Le parquet de Stockholm a annoncé lundi la réouverture d’une enquête pour viol visant l’Australien de 47 ans, accusation qu’il a toujours rejetée.

Ces poursuites avaient initialement été abandonnées en 2017, la justice suédoise ne pouvant mettre la main sur Assange, alors réfugié à l’ambassade équatorienne de Londres.

L’Australien s’y était réfugié, déguisé en coursier, le 19 juin 2012, craignant d’être arrêté par les autorités britanniques et extradé et jugé aux États-Unis, pour la diffusion en 2010 de plus de 700.000 documents sur les activités militaires et diplomatiques américaines.

Après avoir passé presque sept ans dans ce bâtiment diplomatique d’un quartier chic de la capitale britannique, l’Australien aux cheveux argentés a été interpellé le 11 avril, avec l’autorisation de Quito, apparaissant vieilli et affaibli.

– Trump: « J’adore WikiLeaks » –

Depuis, Assange, incarcéré à la prison de Belmarsh, dans le sud-est de Londres, a été condamné à 50 semaines de prison pour s’être soustrait à la justice britannique en 2012. Et comparaît à nouveau devant un tribunal pour une demande d’extradition des Etats-Unis, une procédure qui devrait prendre de nombreux mois.

A l’audience, il a déclaré ne pas vouloir se « soumettre à une extradition pour un travail de journalisme qui a récolté de nombreuses récompenses et protégé beaucoup de gens ».

Mais cette image de « cyber-warrior » n’a plus le même lustre qu’avant.

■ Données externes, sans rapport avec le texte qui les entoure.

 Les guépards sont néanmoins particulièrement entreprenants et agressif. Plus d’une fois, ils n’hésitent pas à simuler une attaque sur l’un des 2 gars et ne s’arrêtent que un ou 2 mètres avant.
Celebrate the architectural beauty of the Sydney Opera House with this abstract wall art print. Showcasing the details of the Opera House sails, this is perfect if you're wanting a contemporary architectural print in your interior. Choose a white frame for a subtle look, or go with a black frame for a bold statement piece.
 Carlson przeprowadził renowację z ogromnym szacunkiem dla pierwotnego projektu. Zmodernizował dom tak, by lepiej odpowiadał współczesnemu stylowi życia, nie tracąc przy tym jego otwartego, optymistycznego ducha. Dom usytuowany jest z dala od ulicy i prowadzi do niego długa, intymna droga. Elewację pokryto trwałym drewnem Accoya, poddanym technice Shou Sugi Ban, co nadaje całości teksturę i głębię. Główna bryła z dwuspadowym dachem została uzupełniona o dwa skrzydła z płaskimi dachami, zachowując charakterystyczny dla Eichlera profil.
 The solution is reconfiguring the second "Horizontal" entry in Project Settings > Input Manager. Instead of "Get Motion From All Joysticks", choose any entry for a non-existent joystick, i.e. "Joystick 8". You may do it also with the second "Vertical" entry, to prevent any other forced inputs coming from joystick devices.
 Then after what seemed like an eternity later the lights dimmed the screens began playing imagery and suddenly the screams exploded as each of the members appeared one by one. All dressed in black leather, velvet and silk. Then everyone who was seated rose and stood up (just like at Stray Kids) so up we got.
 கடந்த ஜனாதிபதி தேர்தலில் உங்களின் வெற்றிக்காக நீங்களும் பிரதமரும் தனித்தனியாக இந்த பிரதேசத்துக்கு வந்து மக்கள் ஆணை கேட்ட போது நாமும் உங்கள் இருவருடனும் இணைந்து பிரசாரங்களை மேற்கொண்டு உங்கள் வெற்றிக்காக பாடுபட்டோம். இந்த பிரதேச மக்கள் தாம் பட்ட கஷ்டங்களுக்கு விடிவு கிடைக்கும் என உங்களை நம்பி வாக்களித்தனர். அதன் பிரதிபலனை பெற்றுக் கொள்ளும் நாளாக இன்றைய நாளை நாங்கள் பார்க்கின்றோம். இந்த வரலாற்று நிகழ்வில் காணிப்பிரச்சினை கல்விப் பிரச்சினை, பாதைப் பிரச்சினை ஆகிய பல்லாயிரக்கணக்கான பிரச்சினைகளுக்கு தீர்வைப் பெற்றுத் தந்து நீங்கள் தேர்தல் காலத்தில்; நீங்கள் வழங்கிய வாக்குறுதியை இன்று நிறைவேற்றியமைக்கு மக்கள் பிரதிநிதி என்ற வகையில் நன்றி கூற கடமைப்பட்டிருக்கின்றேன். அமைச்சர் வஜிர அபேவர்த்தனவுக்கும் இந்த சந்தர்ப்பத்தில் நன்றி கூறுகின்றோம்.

Elle s’est plus particulièrement brouillée avec la diffusion par sa plateforme, en 2016, à un moment-clé de la campagne présidentielle américaine, de milliers de courriels piratés provenant du Parti démocrate et de l’équipe d’Hillary Clinton, qui ont contribué à discréditer la candidate.

Ces révélations avaient alors suscité des éloges appuyés du candidat Donald Trump. « J’adore WikiLeaks », avait affirmé ce dernier au cours d’un meeting. D’après la CIA, ces documents ont été obtenus par WikiLeaks auprès d’agents russes, ce que nie la plateforme.

Personnage difficile à suivre, Julian Assange a été balloté de gauche à droite dès son plus jeune âge par sa mère, Christine Ann Assange, une artiste de théâtre qui s’était séparée de son père avant même sa naissance.


Il compare son enfance à celle de Tom Sawyer, entre construction de radeau et explorations diverses de son environnement. Jusqu’à l’âge de 15 ans, il vivra dans plus de 30 villes australiennes différentes et fréquentera de nombreuses écoles avant de se poser à Melbourne où il étudiera les mathématiques, la physique et l’informatique.

Doué, travailleur, il est happé par la communauté des hackers et commence à pirater les sites internet de la Nasa ou du Pentagone en utilisant le pseudonyme de « Mendax ».

– Soutien de Pamela Anderson –

C’est à cette époque qu’il a un fils, Daniel, dont il se disputera la garde avec la mère. Lorsqu’il lance WikiLeaks dans le but de « libérer la presse » et de « démasquer les secrets et abus d’État », il devient, selon un de ses biographes, « l’homme le plus dangereux du monde ».

Il se fait connaître du grand public en 2010 avec la publication de centaines de milliers de documents américains. Un coup d’éclat qui vaut à cet homme grand et mince au teint diaphane d’être présenté comme un champion de la liberté d’informer.

Mais en même temps que sa notoriété grandit, les critiques s’accumulent.

En 2011, les cinq journaux (dont The New York Times, The Guardian et Le Monde) associés à WikiLeaks condamnent la méthode de la plateforme, qui rend publics des télégrammes du département d’Etat américain non expurgés. Ils estiment que les documents sont susceptibles de « mettre certaines sources en danger ». La critique sera également formulée par le lanceur d’alertes Edward Snowden.

Chargé de rédiger l’autobiographie de Julian Assange, Andrew O’Hagan finit par jeter l’éponge avec ce verdict définitif : « L’homme qui se targue de dévoiler les secrets de ce monde ne supporte pas de dévoiler les siens ».

Depuis, seul un noyau dur lui est resté fidèle, à l’instar de l’actrice américaine Pamela Anderson, qui lui a rendu visite la semaine dernière en prison.